Exercise aim =>
Retype, word for word, the lines from the first line of the entries through the line that holds "Adorable, festive holiday"; leave out the pictures.

Provided data =>
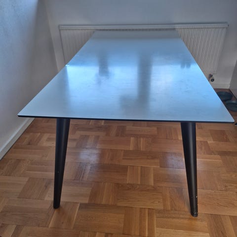 Hvidt spisebord m/stålben og 2 udtræksplader. Mål er eksklusiv udtræksplader
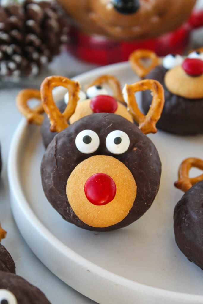 Adorable, festive holiday treats that turn simple donuts into cute, edible reindeer for Christmas morning breakfast!
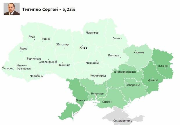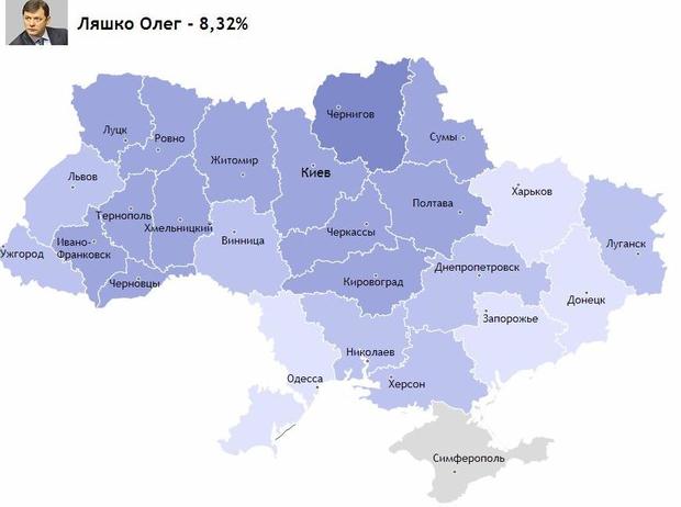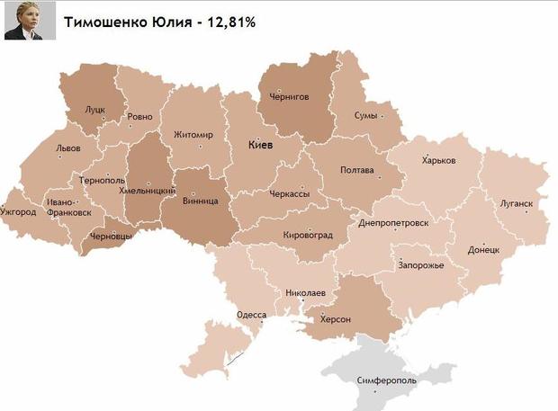 У центральних та західних регіонах кандидати – прихильники європейського вибору України зібрали понад 95 % голосів.
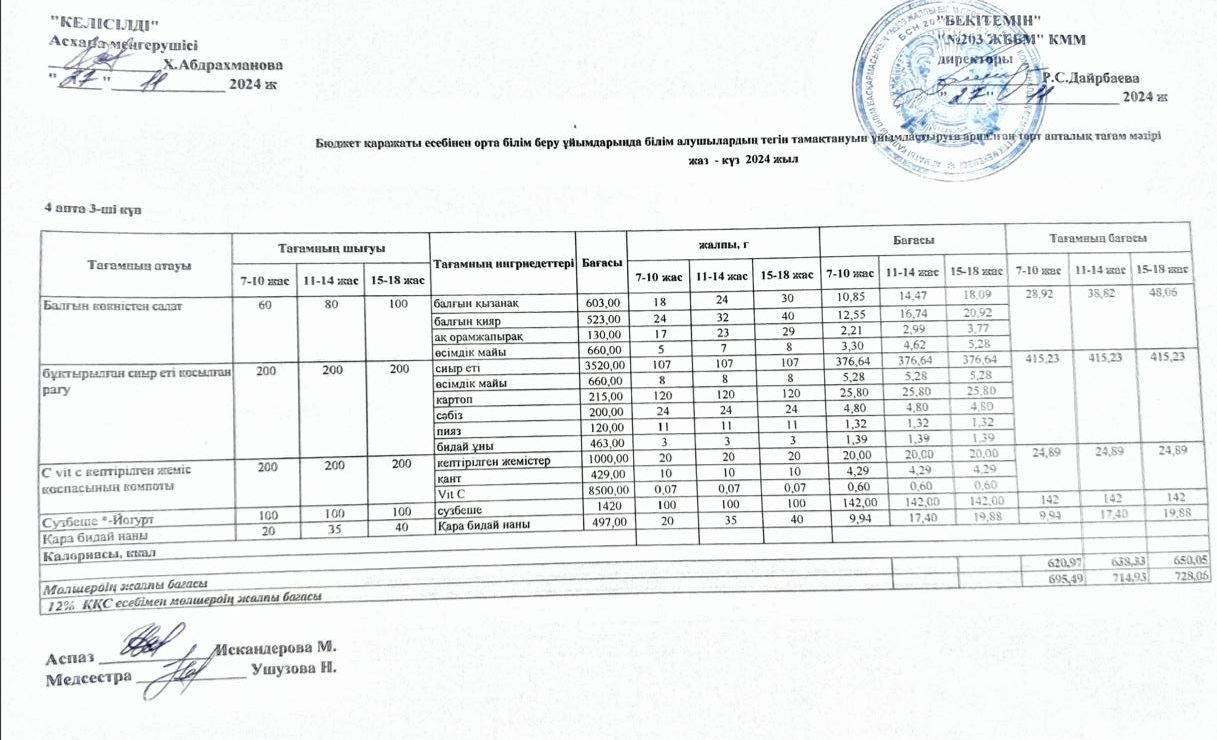 КҮНДЕЛІКТІ МЕНЮ/ ЕЖЕДНЕВНОЕ МЕНЮ » "№203 жалпы білім беретін мектеп" КММ
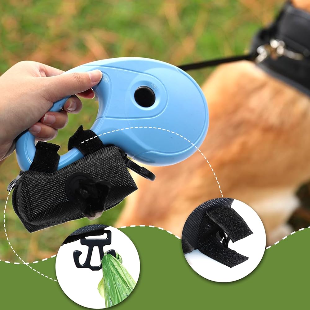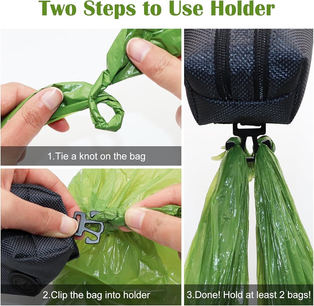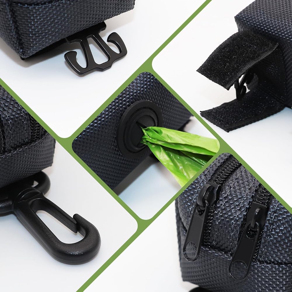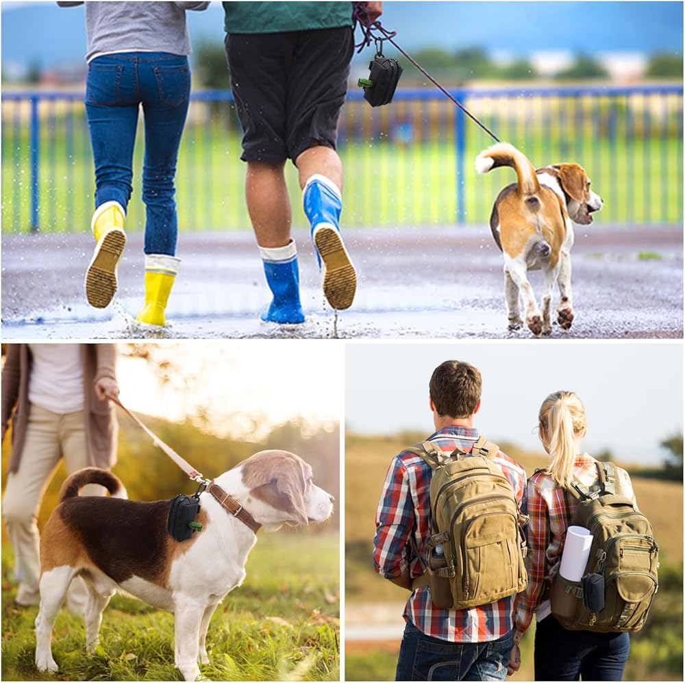 【Easily Attach to Leash】- There are dual connection methods used, one is to use sturdy hook and loop fasteners to connect to any belt.Another method is to secure the dog bag with a clip to ensure it does not slip off your belt. It can also be attached to the dog's collar or harness, or the bag dispenser can be clipped onto the backpack or even your waistband. Perfect for hiking, walking, and running.
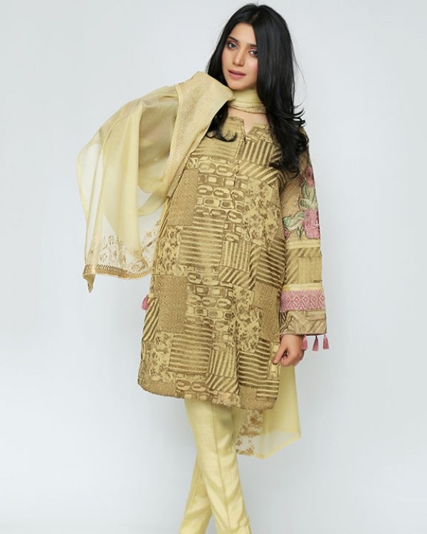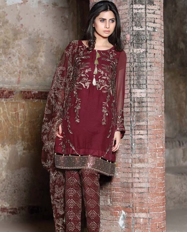 This dust storm colored crinkle chiffon Eid dress decorated with chic embroidered patterns on it is a perfect pick for the festival. Adding to its allure is its embroidered trouser and the beautiful chiffon dupatta embellished with embroidery.
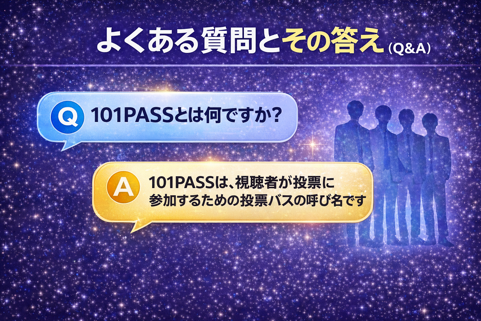 A: 「101PASS」とは、まず38人の候補練習生が公開され、その中から視聴者の投票によって最終的に101人の練習生を選抜する新制度です。視聴者が本格的なオーディション開始前から選考に参加できるのが特徴です。
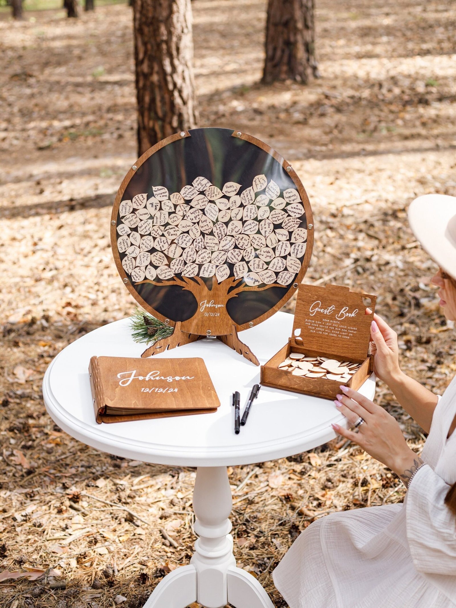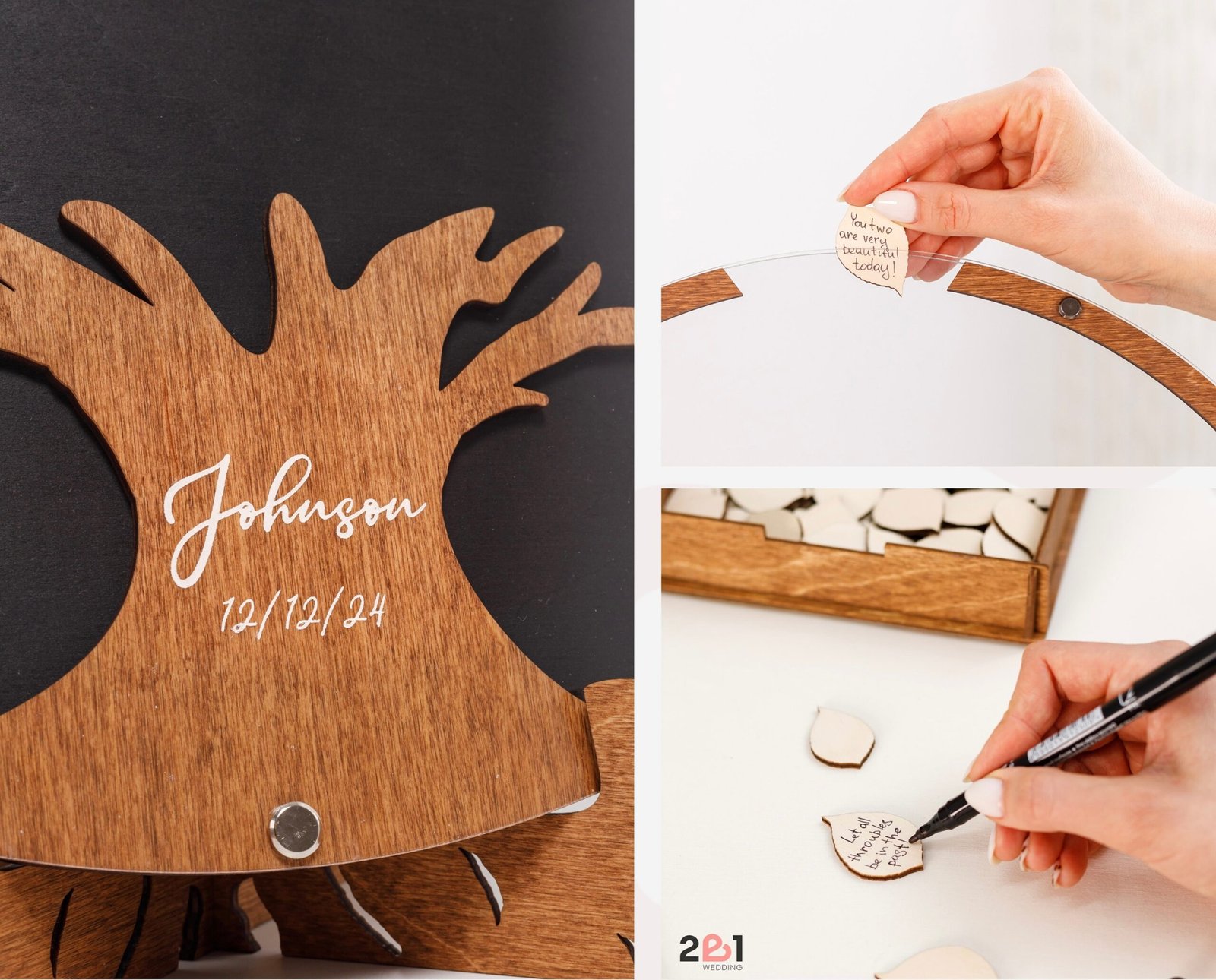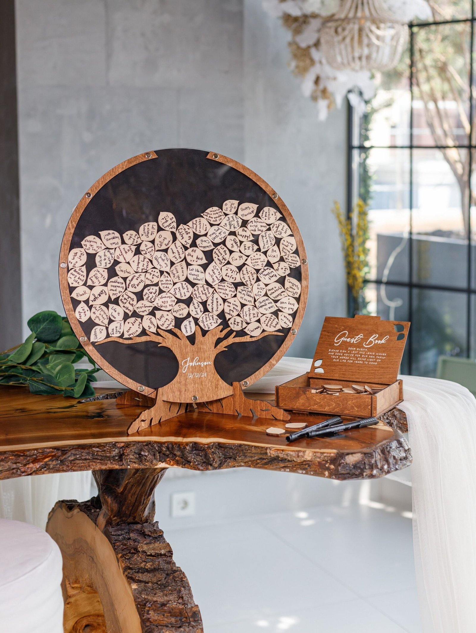 • Versatile Guest Signatures – Guests can sign directly on the wood leaves or write personal notes on add-on pieces.

Answer for this exercise =>
 Hvidt spisebord m/stålben og 2 udtræksplader. Mål er eksklusiv udtræksplader
 Adorable, festive holiday treats that turn simple donuts into cute, edible reindeer for Christmas morning breakfast!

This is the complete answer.